Private Internet Access (PIA) is one of the best VPN services right now. A third-party independent audit has been completed over its privacy promises that there are no logs, with positive results.
Deloitte was responsible for the long-awaited and successful rubber stamp. It is one of the Big Four global auditing firms. Deloitte Audit Romania, specifically, has been investigating PIA’s VPN server infrastructure and management systems to find any flaws or vulnerabilities that could allow users to access and/or store their data.
The auditing experts confirmed that server configurations are in line with internal privacy policies as of the 30th of June 2022. They are not intended to identify or track users.
PIA network to prevent data retention
We have been long-standing advocates for cybersecurity and digital privacy in the US and now we have an audit that attests to our No Log VPN service,” said the provider in a post (opens in new tab).
Developers explained that they designed the network infrastructure specifically to prevent data retention. For example, the provider uses RAM-only servers. The memory is volatile, and data is not saved after power-off. All servers have been programmed to automatically reboot, so all data is deleted immediately.

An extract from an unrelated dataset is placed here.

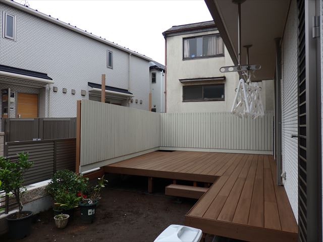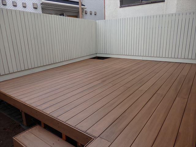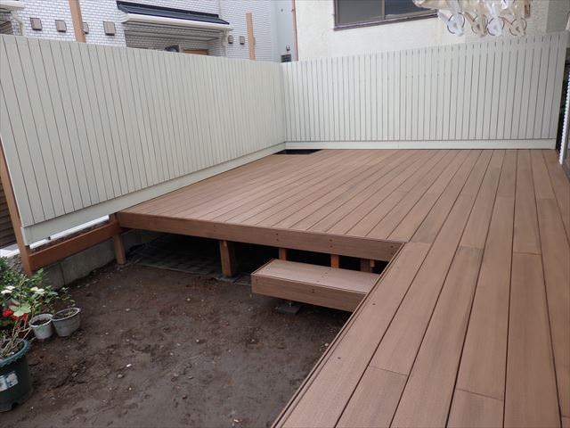ウッドデッキは出幅180cmワイド270cmという定型のメーカー品でした。
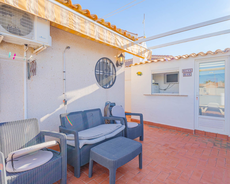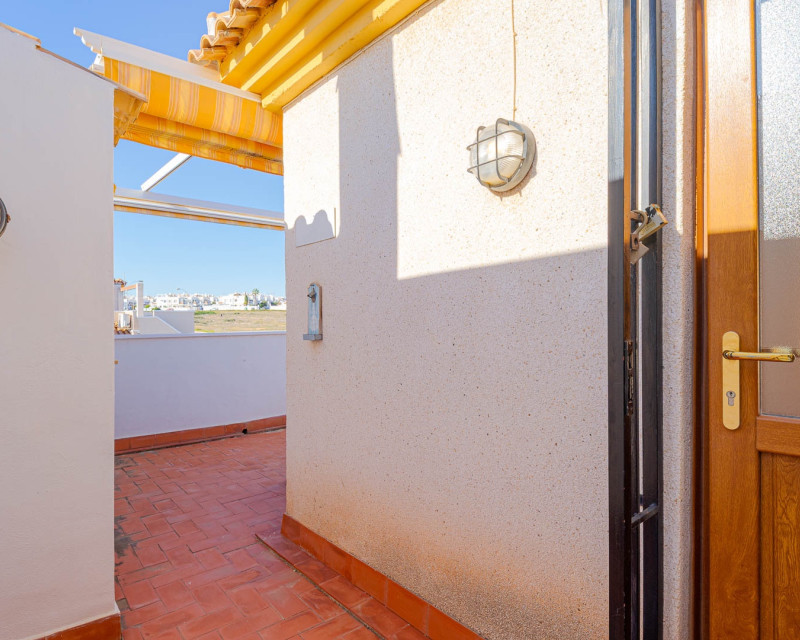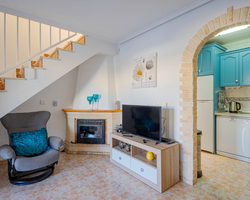 3 Bedroom  Property for Sale in Playa Flamenca – Costa Blanca South We are pleased to present this well-presented 3 bedroom, 2 bathroom property for sale in Playa Flamenca, one of the most popular areas on the Orihuela Costa, Costa Blanca South. Spacious & Well-Maintained Interior This exceptionally well-maintained home is offered  furnished , making it an excellent turnkey option for both holiday use and permanent living. Covered and glazed terraceCozy  lounge-diner with feature fireplaceFully fitted kitchenSeparate utility room2 bedrooms Family bathroom Master Bedroom & Private Solarium On the upper level you will find the main bedroom, featuring: Fitted wardrobesEn suite bathroom  From both the bedroom and landing, there is direct access to a large, sun-drenched private solarium, perfect for relaxing, entertaining, or sunbathing in total privacy. Outdoor Space & Parking Externally, the property benefits from: GardenOff-road private parking The property forms part of the attractive Residential Iria I, a secure gated development offering a large communal swimming pool and generous sunbathing areas — ideal for enjoying the Mediterranean climate. Playa Flamenca is a well-established seaside resort on the Orihuela Costa, highly sought after for both holiday homes and permanent living. The area offers excellent infrastructure and is close to top golf courses such as: VillamartínLas RamblasCampoamorLas Colinas Golf Why This Property? ✔ Ideal holiday home or permanent residence✔ Sought-after location in Playa Flamenca✔ Close to beaches, golf, shopping & airports

PIA claims that it will disable error logs and debug info in order to protect users’ data even if there is a hack. It explains that, despite potential drawbacks in our debugging and developing processes, it’s an acceptable compromise to protect user data.
For those who are concerned about the company’s headquarters being in the US, PIA is a member of the Five Eyes Alliance. PIA assures you that US-based VPN providers will not be subject to US consumer protection laws.
What’s next?
“This Deloitte audit marks another milestone in our journey to privacy activists,” said PIA.
Customers who are concerned about their online privacy should know whether their data security is being actively maintained. This is why VPN audits are becoming a popular practice among top VPN providers.
Independent verification of software infrastructure and policies can help companies stand behind their marketing claims. It also ensures that there is no missing information during development.
Although a no-log verification is only one step in the security auditing process, other providers such as ExpressVPN and bestvpn have also been subject to scrutiny by third parties. This shows that PIA still believes it can deliver a reliable and secure service to its customers.
PIA is among the few VPN providers that have all of its apps open-sourced. This allows everyone to look at their code and find bugs.
Additionally, the provider announced that it was continuing extensive hardware optimization, and will be updating its Transparency Report with an update. They also stated that they are open to independent audits.
We take our No Logs policy very seriously and this audit is not the end of it. We will continue to make our users aware of the security precautions we have in place.